La familia Ellison ha sido considerada cercana a Trump y lo ocurrido en CBS News durante el último año no respalda la imagen de un periodismo de centro e imparcial. Pero ahora, con este trato, se quedarían con algo que Netflix no buscaba comprar: CNN, que para bien o para mal ha sido una de las voces del mainstream frente a la derecha que representa Fox News.

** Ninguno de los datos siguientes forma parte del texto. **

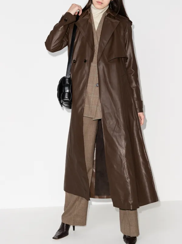 - Long brown leather trench coat sale online
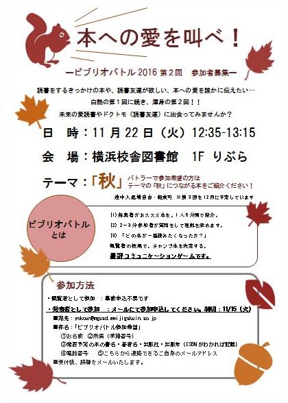 【横浜校舎図書館】明日開催!観覧できます!第2回 参加者募集!本への愛を叫べ!-ビブリオバトル2016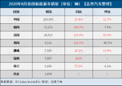 8月全球新能源車市:中國創新高 德法英齊“飛”

Aquí se pone interesante. Aunque la demanda habla de concentración en cine y televisión, David Ellison escribió un texto en The New York Times asegurando que el verdadero problema es CNN y la desconfianza hacia sus políticas. Promete un periodismo “por el centro” e invertir 30 mil millones de dólares anuales en producción. Dice que lo bloquean por razones políticas y noticiosas. La demanda no afirma eso, pero el multimillonario sintió la necesidad de responderlo a través del periodismo.
Esta historia es compleja, no termina y sigue narrando, en tiempo real, lo que pasa con la información que recibimos masivamente en estos tiempos. Y, debo confesar, me da gusto saber que las noticias y el deseo de cuidar su importancia sean la razón por la cual aquí se haga una pausa antes de cambiarlo todo.